[Start of section]
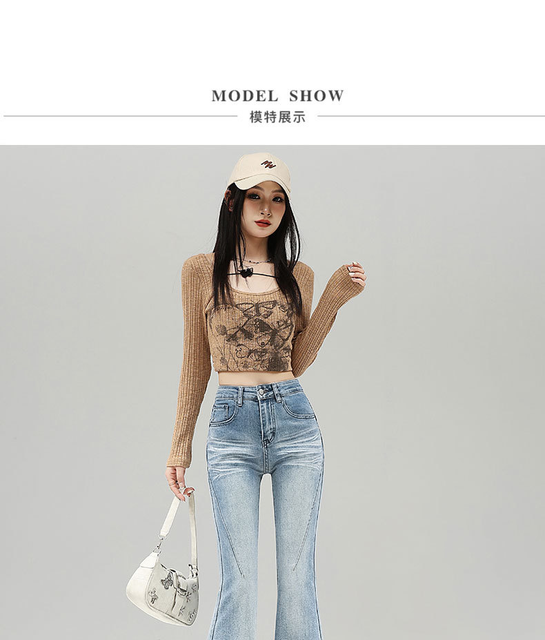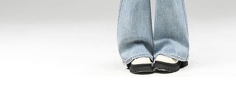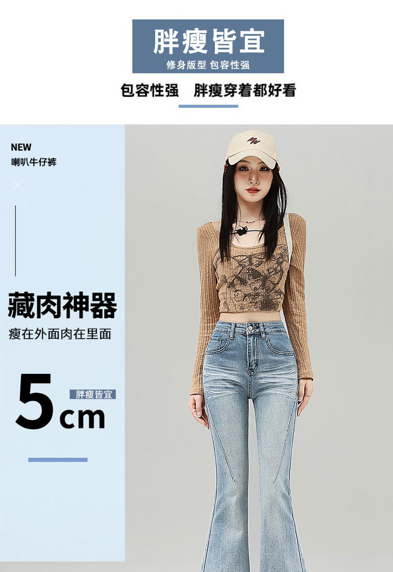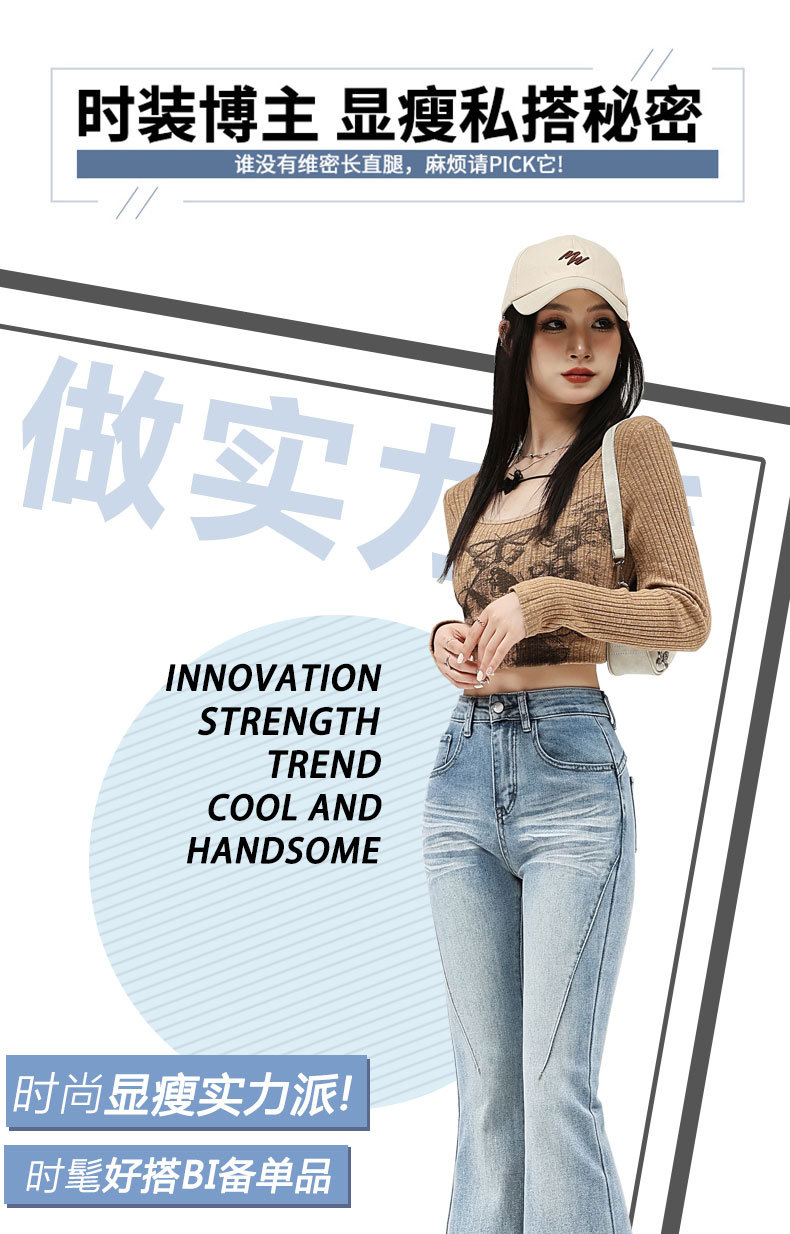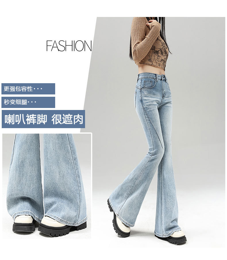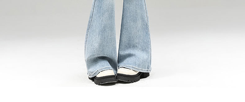 라이트 블루 마이크로 라 청바지 여성의 이른 봄 2025 새로운 높은 허리 슬림 주름 디자인 경적 바지스토어 가기
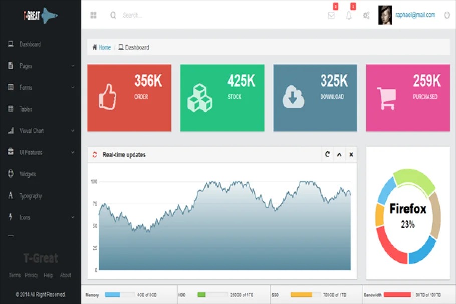 T-Great – Admin Template is a responsive Admin Dashboard with completely highlighted, premium, Bootstrap Admin Template with Modern Style. In view of Bootstrap 3.2 and Font Awesome help make this layout simple to utilized. Additional Pages: Invoice Inbox Profile Pricing Tables 404 500 LockScreen Login Register Dashboard Plugin Support: autosize picked datatables dropzone easypiechart editable flot fullcalendar check jquery-ui justgage jvectormap maskedinput mockjax second morris placeholder raphael select2 sparkline touchpunch wizard xcharts
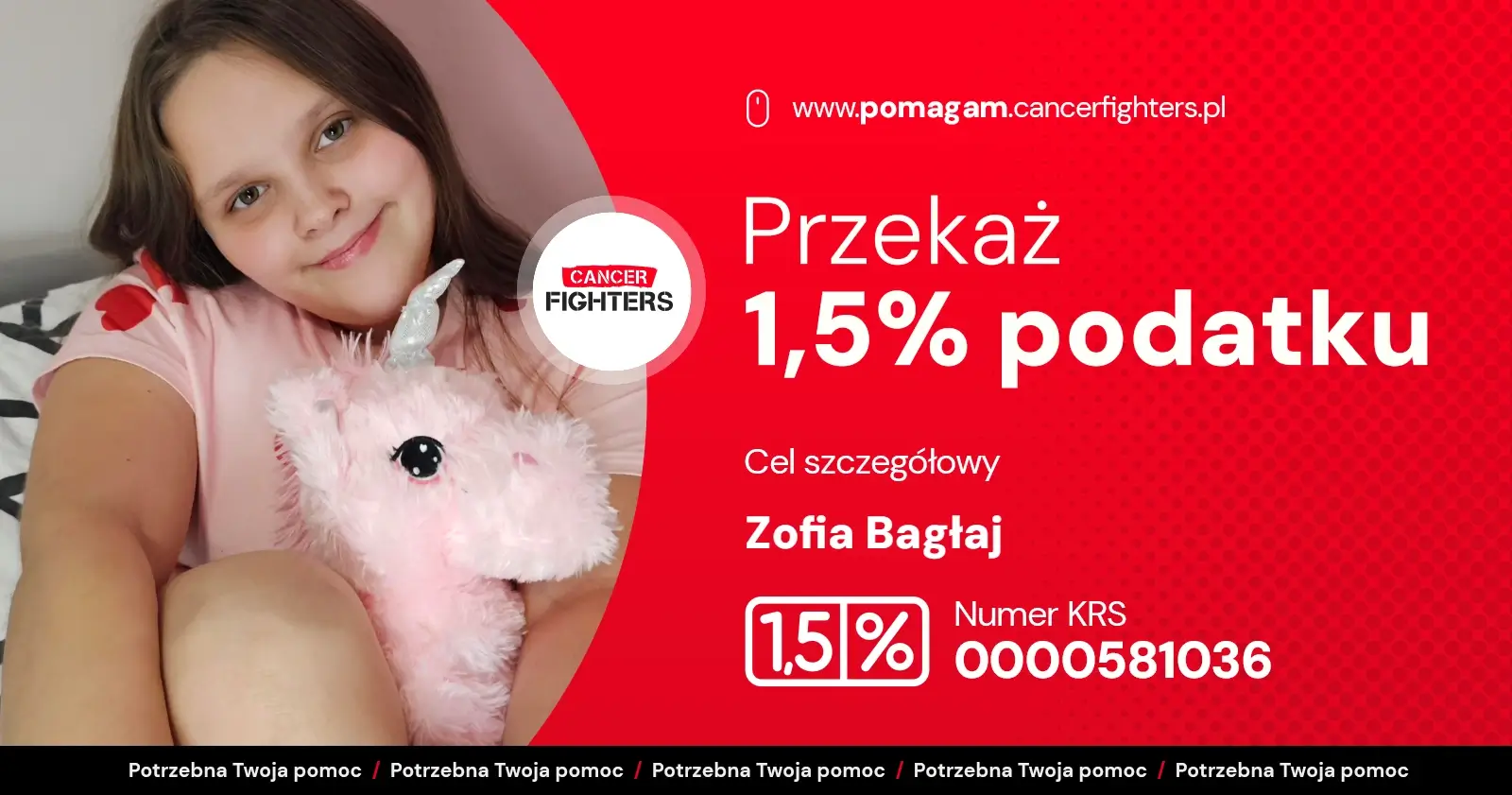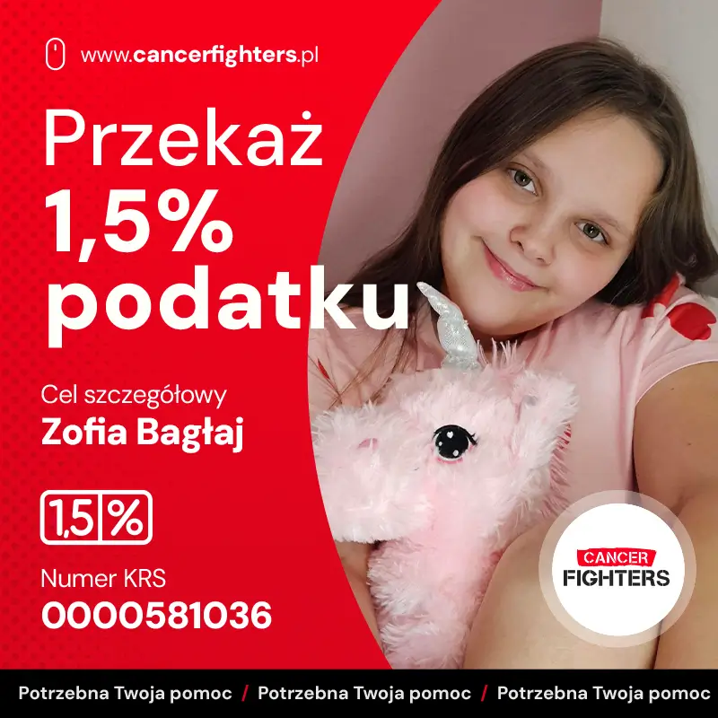 Na liście organizacji wyszukaj Fundacja Cancer Fighters lub 0000581036
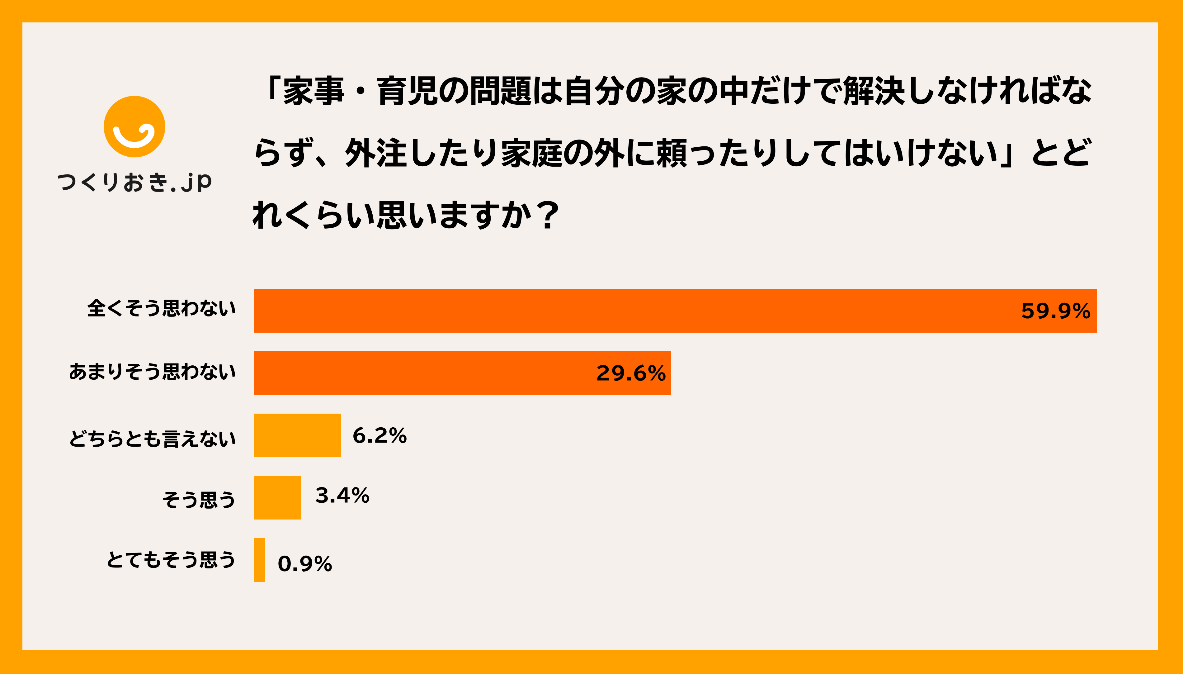 「『家事・育児の問題は自分の家の中だけで解決しなければならず、外注したり家庭の外に頼ったりしてはいけない』とどのくらい思いますか?」という質問では、「そう思わない」(※1)と回答した人が全体の約9割を占め、家事を外注することに寛容であることがわかりました。
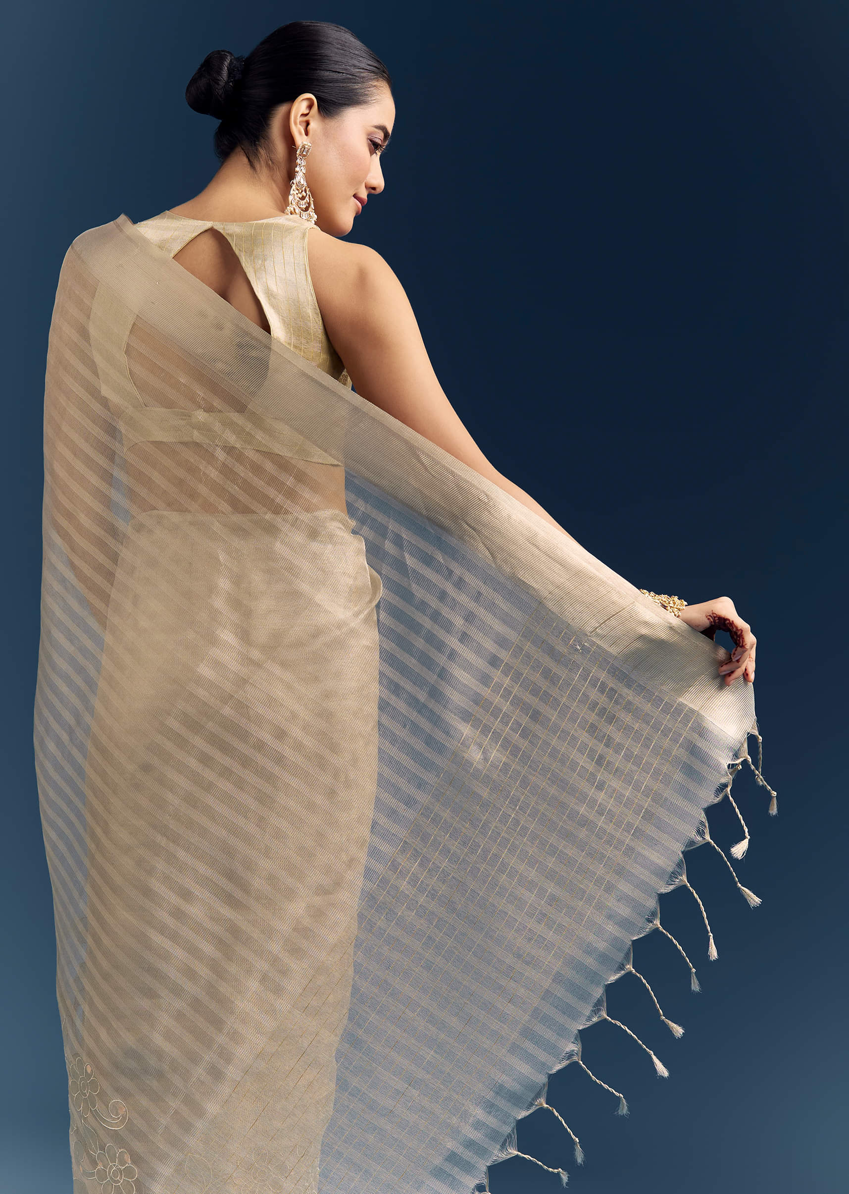 Gold Tissue Organza Saree With Zari And Resham Embroidery
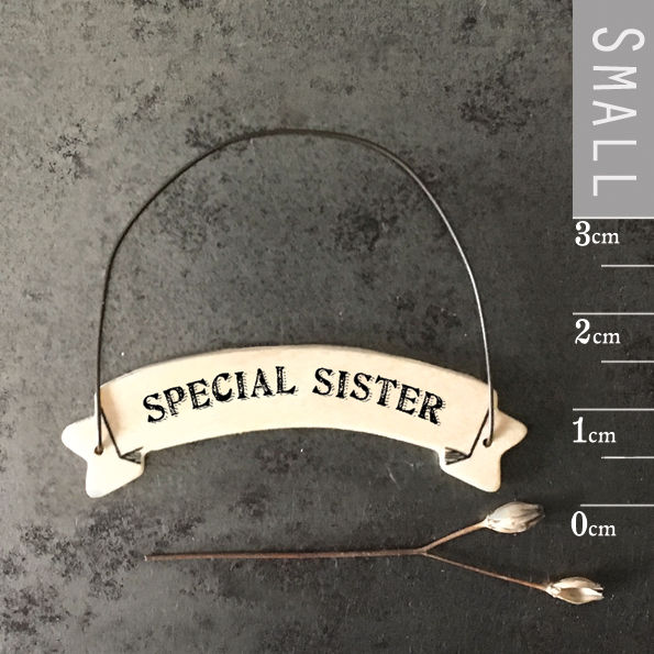 East of India Small ribbon hanger Special Sister for gifting or keepsake
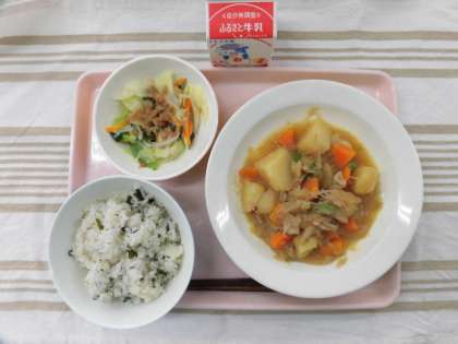 胚芽わかめごはん 肉じゃが ごま和え 牛乳
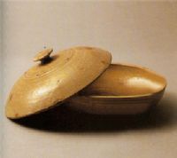 缽體為子母口,淺腹,圓餅形底,外壁口沿處兩道弦紋。蓋作覆盤狀,蘑菇形鈕,鈕上有五點(diǎn)褐彩。通體釉色淡青,開冰裂紋片。該物的造型和裝飾是較為典型的甌窯產(chǎn)品。褐彩在東晉時(shí)期浙江地區(qū)的制瓷業(yè)中風(fēng)靡一時(shí),而甌窯的褐彩形式多樣,有點(diǎn)狀、條狀斑塊等。排列組合也千變?nèi)f化。加以它潔白細(xì)膩的胎質(zhì)和淡雅的釉色,達(dá)到了明顯的裝飾效果。
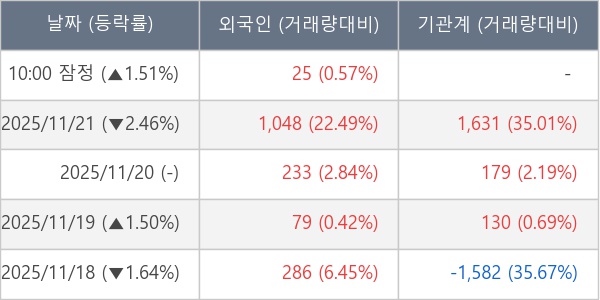 [표] 외국인ㆍ기관 순매매량 (단위 주)
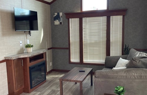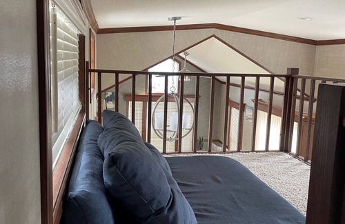 Great Getaway at Cherokee Landing is waiting for you at this cozy 1-bedroom cabin/tiny home. The bedroom features a comfortable queen bed, perfect for a good night's sleep. With amenities like AC, heating, and WiFi, guests will feel right at home. The bathroom includes a hairdryer for added convenience. Plus, there's an additional living room space up in the loft area with a futon and dorm bed for relaxation. Fall in love with Lakeview and enjoy the magic it has to offer.
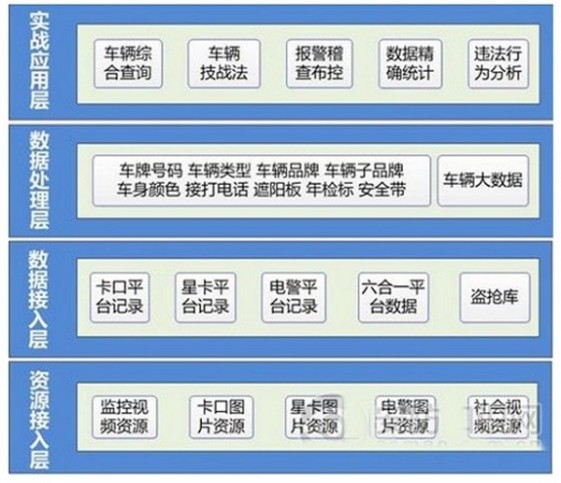 數據接入層:實現平臺間的數據對接和分類匯聚整理,卡口平臺和電警平臺的非結構化和半結構化過車數據用于深度識別分析,六合一平臺、車駕管庫、盜搶庫等結構化數據可接入車輛大數據。
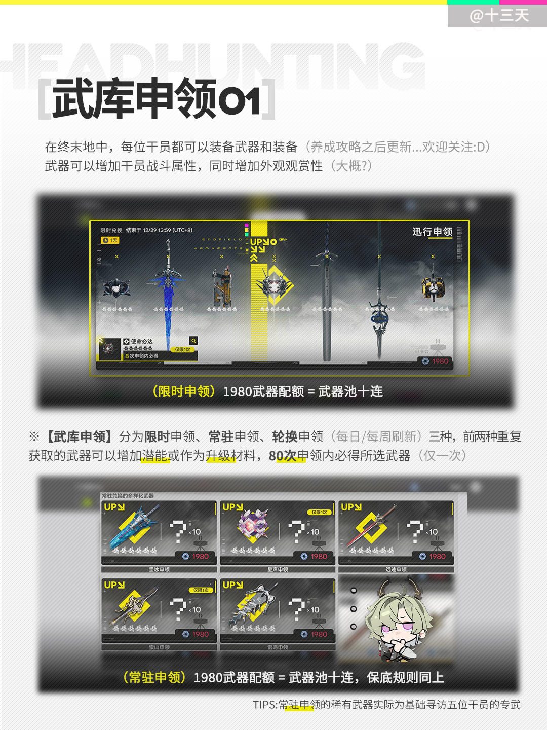 ...产了终于产了博..管..大家好!我是爆肝攻略中的天(@_@;)有博士想看终末地的寻访机制说明和本家之间的道具转换,今天为大家奉上(。・・)ノ▼// 本篇内容包含①寻访凭证②基础寻访③启程寻访④特许寻访⑤武库申领⑥配额交易所以及其他道具的转换说明,大家记得仔细看哦!————————————▼// 若内容对你有帮助,请多多♡支持▼// 创作不易,禁止抄袭以及任何转载和搬运▼/
[End of section]
» WHAT IS NEEDED
Exact copy, pictures omitted: every line from the one holding "Na liście organizacji" through the last line of the data above, and nothing else.

» WRITTEN RESPONSE
 Na liście organizacji wyszukaj Fundacja Cancer Fighters lub 0000581036
 「『家事・育児の問題は自分の家の中だけで解決しなければならず、外注したり家庭の外に頼ったりしてはいけない』とどのくらい思いますか?」という質問では、「そう思わない」(※1)と回答した人が全体の約9割を占め、家事を外注することに寛容であることがわかりました。
 Gold Tissue Organza Saree With Zari And Resham Embroidery
 East of India Small ribbon hanger Special Sister for gifting or keepsake
 胚芽わかめごはん 肉じゃが ごま和え 牛乳
 缽體為子母口,淺腹,圓餅形底,外壁口沿處兩道弦紋。蓋作覆盤狀,蘑菇形鈕,鈕上有五點(diǎn)褐彩。通體釉色淡青,開冰裂紋片。該物的造型和裝飾是較為典型的甌窯產(chǎn)品。褐彩在東晉時(shí)期浙江地區(qū)的制瓷業(yè)中風(fēng)靡一時(shí),而甌窯的褐彩形式多樣,有點(diǎn)狀、條狀斑塊等。排列組合也千變?nèi)f化。加以它潔白細(xì)膩的胎質(zhì)和淡雅的釉色,達(dá)到了明顯的裝飾效果。
 [표] 외국인ㆍ기관 순매매량 (단위 주)
 Great Getaway at Cherokee Landing is waiting for you at this cozy 1-bedroom cabin/tiny home. The bedroom features a comfortable queen bed, perfect for a good night's sleep. With amenities like AC, heating, and WiFi, guests will feel right at home. The bathroom includes a hairdryer for added convenience. Plus, there's an additional living room space up in the loft area with a futon and dorm bed for relaxation. Fall in love with Lakeview and enjoy the magic it has to offer.
 數據接入層:實現平臺間的數據對接和分類匯聚整理,卡口平臺和電警平臺的非結構化和半結構化過車數據用于深度識別分析,六合一平臺、車駕管庫、盜搶庫等結構化數據可接入車輛大數據。
 ...产了终于产了博..管..大家好!我是爆肝攻略中的天(@_@;)有博士想看终末地的寻访机制说明和本家之间的道具转换,今天为大家奉上(。・・)ノ▼// 本篇内容包含①寻访凭证②基础寻访③启程寻访④特许寻访⑤武库申领⑥配额交易所以及其他道具的转换说明,大家记得仔细看哦!————————————▼// 若内容对你有帮助,请多多♡支持▼// 创作不易,禁止抄袭以及任何转载和搬运▼/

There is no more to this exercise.